The music of the troubadours and trouvères was a vernacular tradition of monophonic secular song, probably accompanied by instruments, sung by professional, occasionally itinerant, musicians who were as skilled as poets as they were singers and instrumentalists. The language of the troubadours was Occitan (also known as the langue d'oc, or Provençal); the language of the trouvères was Old French (also known as langue d'oïl). The period of the troubadours corresponded to the flowering of cultural life in Provence which lasted through the twelfth century and into the first decade of the thirteenth.

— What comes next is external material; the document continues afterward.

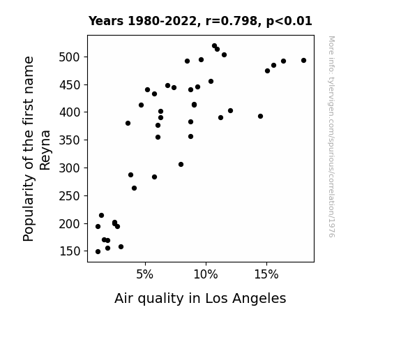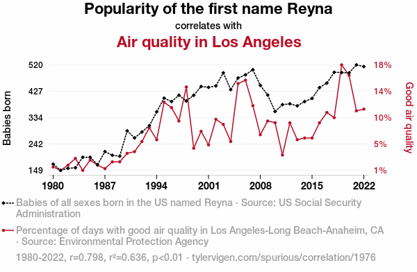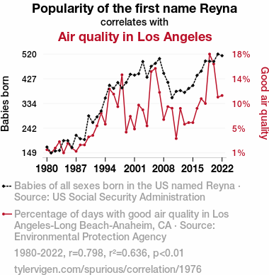 - The spurious research paper: Every Breath You Take: The Surprisingly Breathable Connection between the Popularity of the First Name Reyna and Air Quality in Los Angeles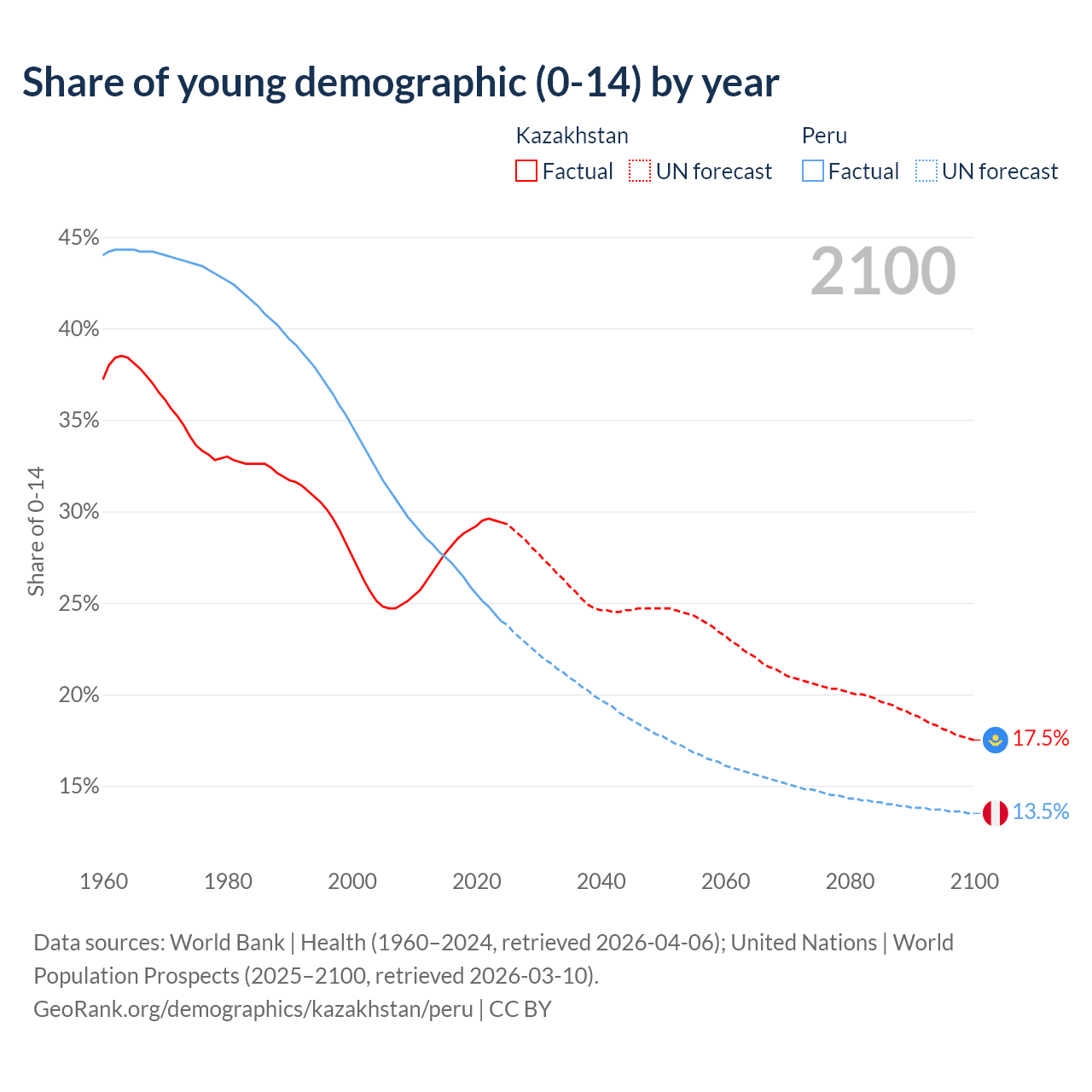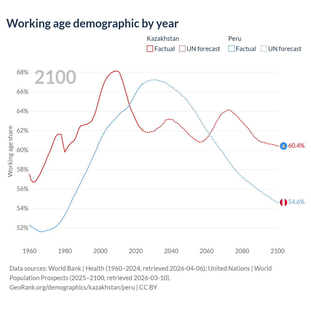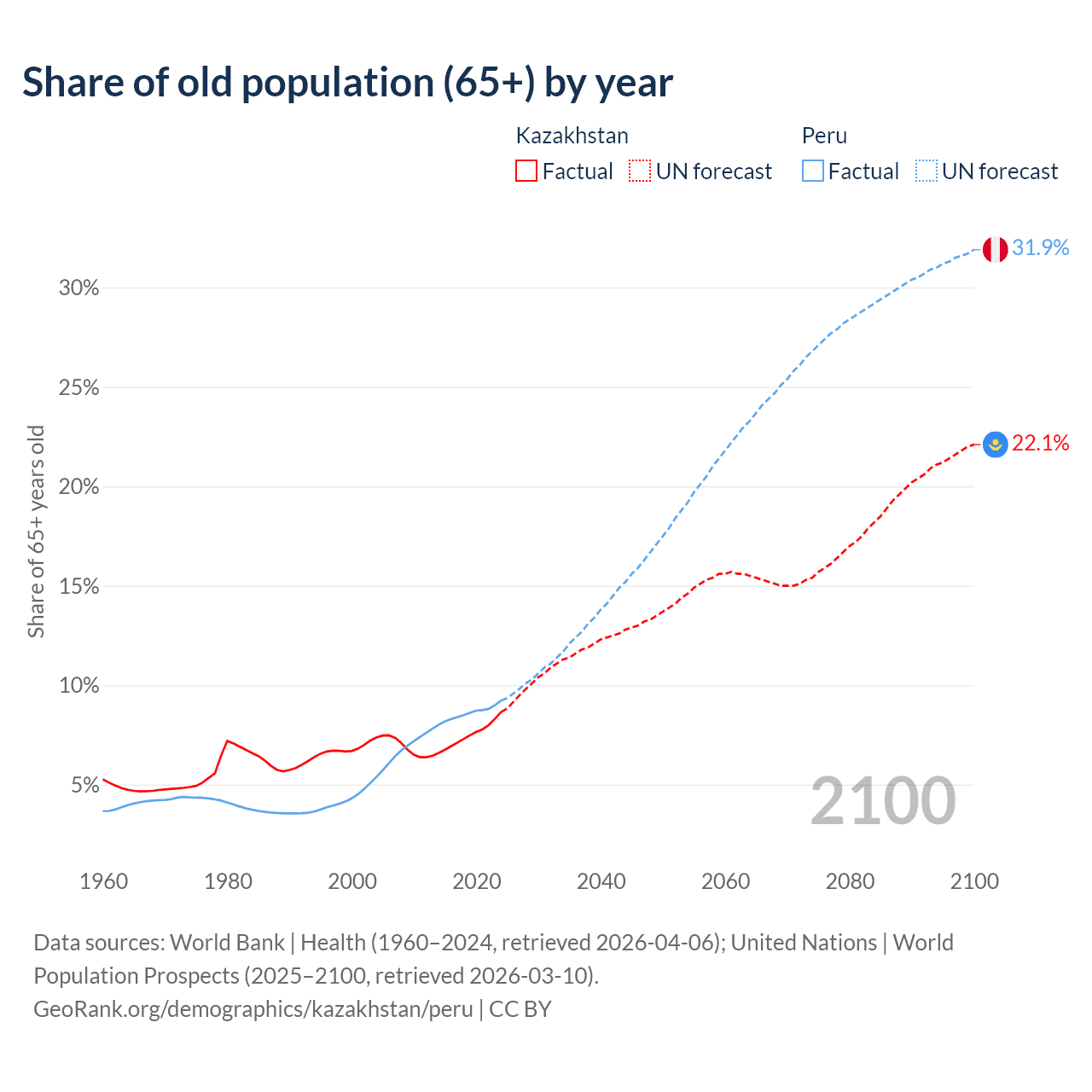 Median age Kazakhstan vs Peru, 1960-2100

Typical subjects of troubadour song were war, chivalry and courtly love—the love of an idealized woman from afar. The period of the troubadours wound down after the Albigensian Crusade, the fierce campaign by Pope Innocent III to eliminate the Cathar heresy (and northern barons' desire to appropriate the wealth of the south). Surviving troubadours went either to Portugal, Spain, northern Italy or northern France (where the trouvère tradition lived on), where their skills and techniques contributed to the later developments of secular musical culture in those places.

The trouvères and troubadours shared similar musical styles, but the trouvères were generally noblemen. The music of the trouvères was similar to that of the troubadours, but was able to survive into the thirteenth century unaffected by the Albigensian Crusade. Most of the more than two thousand surviving trouvère songs include music, and show a sophistication as great as that of the poetry it accompanies.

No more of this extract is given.